Bunlar arasında rüzgar türbinleri, güneş panelleri ve geleneksel fosil yakıt jeneratörleri gibi üretim birimleri ve enerji depolama araçları bulunabilir. Mikro ızgara bu güç ünitelerini tek bir yönetilebilir bir bütün halinde örerek daha pratik bir yönteme sahip olur.
Dışarıdan gelen güç, iç üretim ile dengelenebilir ve gerekirse, bu mikro ızgaralar, dıştaki güç kaynaklarından ayrılan isteğe bağlı bir özerk bir ada modunda çalışabilir.
Akü Teknolojisi
Akıllı şebekeler ve mikro ızgaralar yalnızca yenilenebilir kaynaklardan üretilecek enerjinin depolanması etkin biçimde sağlanırsa başarılı olacaktır.
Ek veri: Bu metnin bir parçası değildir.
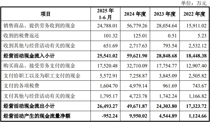 2022年、2023年、2024年和2025年1-6月,恒运昌经营活动产生的现金流量净额分别为1,124.66万元、4,544.89万元、9,950.02万元和-952.24万元,销售商品、提供劳务收到的现金分别为15,911.02万元、28,054.64万元、56,779.26万元和24,788.01万元。

Bu yüzden, enerji depolama deyince aklınıza ilk gelen teknolojide de gelişme şarttır. Evet, akü teknolojisi…
Bu alandaki gelişmeler, geleceğin dünyasında enerjinin rolünü doğrudan etkileme potansiyeline sahiptir. Özellikle özellikle kesintisiz güç kaynakları gerektiren cihazlar ve tesislerin sürdürülebilir enerji çerçevesinde geliştirilmesi adına akü teknolojisindeki gelişmeleri beklemek zorundayız.
Li-ion Pilleri
Sürdürülebilir enerji alanında dikkat çeken bir diğer konu da Lityum – İyon (Li-ion) pilleri. Geride bıraktığımız yıllarda bu pillerin hem maliyetlerinin git gide azaldığına hem de verimliliklerinin yükseldiğine şahit olduk.

Aslında, Li-ion pillerin 2025 yılına kadar oldukça kritik görülen 100 $ / kWh değerini kıracağı tahmin ediliyor. Ayrıca, gittikçe daha fazla sayıda, daha iddialı uygulamalarda kullanılıyorlar. Elektrikli araçlara güç sağlamakla kalmıyorlar, geleceğin akıllı şehirleri için de geliştiriliyorlar.
Elon Musk’un, 100 günden daha kısa bir sürede Güney Avustralya’yı güçlendirebilecek bir batarya üretme başarısını yakalaması, Li-ion pillerin geleceğine dair ufuk açıcı bir gelişme. Önümüzdeki yıllarda bu alanda daha ilginç ve daha geniş çaplı çalışmalara rastlayabiliriz.
Bayrak Z Kuşağında
1990’lardan bu yana insanlık, gezegenin geleceği adına hakikaten umut veren birçok adım attı. Ulaşılan kazanımlar birbirini tetikleyerek günümüze kadar geldi. 1990’lara göre, hedeflerimiz açısından daha umut verici bir noktadayız.
Ancak geleceğin dünyasında enerjinin nasıl bir yol takip edeceğini, bu yolun gezegenimizin ömrünü ne yönde etkileyeceğini bugünün değil yarının yetişkinleri, yani şimdiki gençler belirleyecek.